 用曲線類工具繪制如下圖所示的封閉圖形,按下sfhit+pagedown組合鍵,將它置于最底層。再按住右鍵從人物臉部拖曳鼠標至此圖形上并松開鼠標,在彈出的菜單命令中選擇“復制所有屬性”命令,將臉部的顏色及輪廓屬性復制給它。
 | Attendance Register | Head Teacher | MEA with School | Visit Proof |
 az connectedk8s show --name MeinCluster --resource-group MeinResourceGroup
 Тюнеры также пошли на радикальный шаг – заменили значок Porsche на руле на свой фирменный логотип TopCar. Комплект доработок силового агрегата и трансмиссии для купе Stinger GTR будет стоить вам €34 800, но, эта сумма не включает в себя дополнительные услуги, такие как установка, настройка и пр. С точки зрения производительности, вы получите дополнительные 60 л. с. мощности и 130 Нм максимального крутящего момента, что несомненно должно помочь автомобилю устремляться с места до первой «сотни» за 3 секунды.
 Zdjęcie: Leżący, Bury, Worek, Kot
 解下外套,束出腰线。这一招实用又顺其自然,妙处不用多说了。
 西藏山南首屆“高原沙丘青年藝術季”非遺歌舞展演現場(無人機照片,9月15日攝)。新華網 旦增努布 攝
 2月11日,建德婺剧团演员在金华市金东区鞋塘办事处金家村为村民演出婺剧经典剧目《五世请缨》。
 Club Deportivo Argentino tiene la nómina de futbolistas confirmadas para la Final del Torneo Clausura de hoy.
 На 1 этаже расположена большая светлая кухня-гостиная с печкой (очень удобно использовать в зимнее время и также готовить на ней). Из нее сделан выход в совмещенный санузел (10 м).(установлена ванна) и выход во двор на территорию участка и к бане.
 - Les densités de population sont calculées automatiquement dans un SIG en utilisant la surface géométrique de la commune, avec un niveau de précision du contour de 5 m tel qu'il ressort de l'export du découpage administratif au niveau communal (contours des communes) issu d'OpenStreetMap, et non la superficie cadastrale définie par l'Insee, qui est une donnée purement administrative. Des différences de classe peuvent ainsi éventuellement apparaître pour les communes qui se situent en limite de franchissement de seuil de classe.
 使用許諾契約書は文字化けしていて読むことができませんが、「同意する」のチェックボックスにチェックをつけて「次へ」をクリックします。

========

## DIRECTIONS FOR THIS TASK
Your answer should consist only of the number of lines in the entries above that include "также".

## EXPECTED ANSWER
2